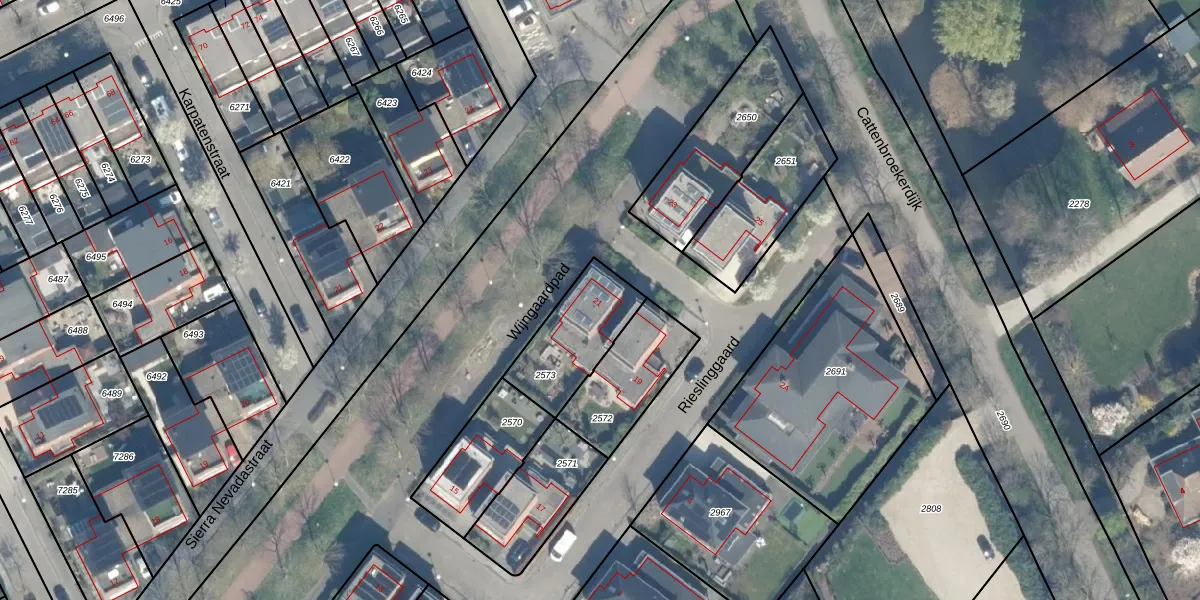 Het perceel waarop Rieslinggaard 21 staat heeft een oppervlakte van 284 m². Dit is een middelgroot perceel. De perceeloppervlakte wordt geregistreerd door het Kadaster. Gedetailleerde informatie over de maten van dit perceel kunt u vinden in het rapport Kadastrale kaart met maatvoering van Rieslinggaard 21.
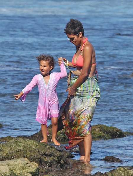 Halle Berry z rodzina i przyjaciolmi podczas swoich urodzin, na plazy w Malibu
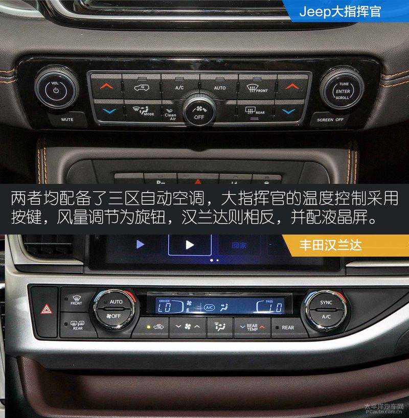 大指挥官和汉兰达内饰配置对比●标配○选配-无
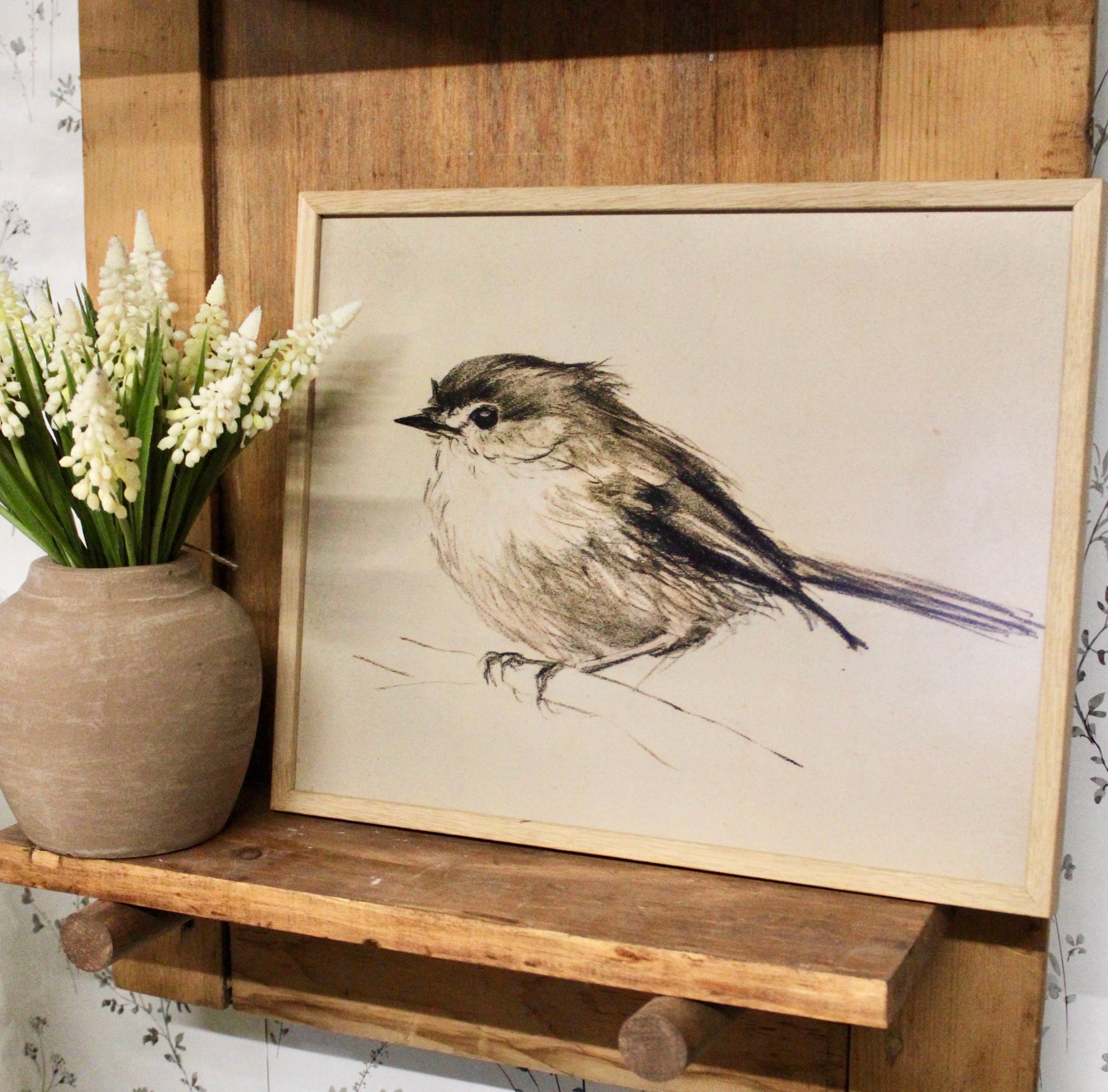 Elevate your space with this refined bird art print, thoughtfully presented in a natural wooden frame. The sophisticated illustration captures avian beauty with artistic precision, making it an ideal accent for modern or traditional interiors. Perfect for gallery walls, living rooms, or studies, this piece brings a touch of nature-inspired elegance to any environment. The quality wooden frame complements both the artwork and your décor, creating a polished, gallery-ready presentation that requires no additional framing.

Work request —
Word for word, output the whole listing, but not its pictures.

The completed task —
 Het perceel waarop Rieslinggaard 21 staat heeft een oppervlakte van 284 m². Dit is een middelgroot perceel. De perceeloppervlakte wordt geregistreerd door het Kadaster. Gedetailleerde informatie over de maten van dit perceel kunt u vinden in het rapport Kadastrale kaart met maatvoering van Rieslinggaard 21.
 Halle Berry z rodzina i przyjaciolmi podczas swoich urodzin, na plazy w Malibu
 大指挥官和汉兰达内饰配置对比●标配○选配-无
 Elevate your space with this refined bird art print, thoughtfully presented in a natural wooden frame. The sophisticated illustration captures avian beauty with artistic precision, making it an ideal accent for modern or traditional interiors. Perfect for gallery walls, living rooms, or studies, this piece brings a touch of nature-inspired elegance to any environment. The quality wooden frame complements both the artwork and your décor, creating a polished, gallery-ready presentation that requires no additional framing.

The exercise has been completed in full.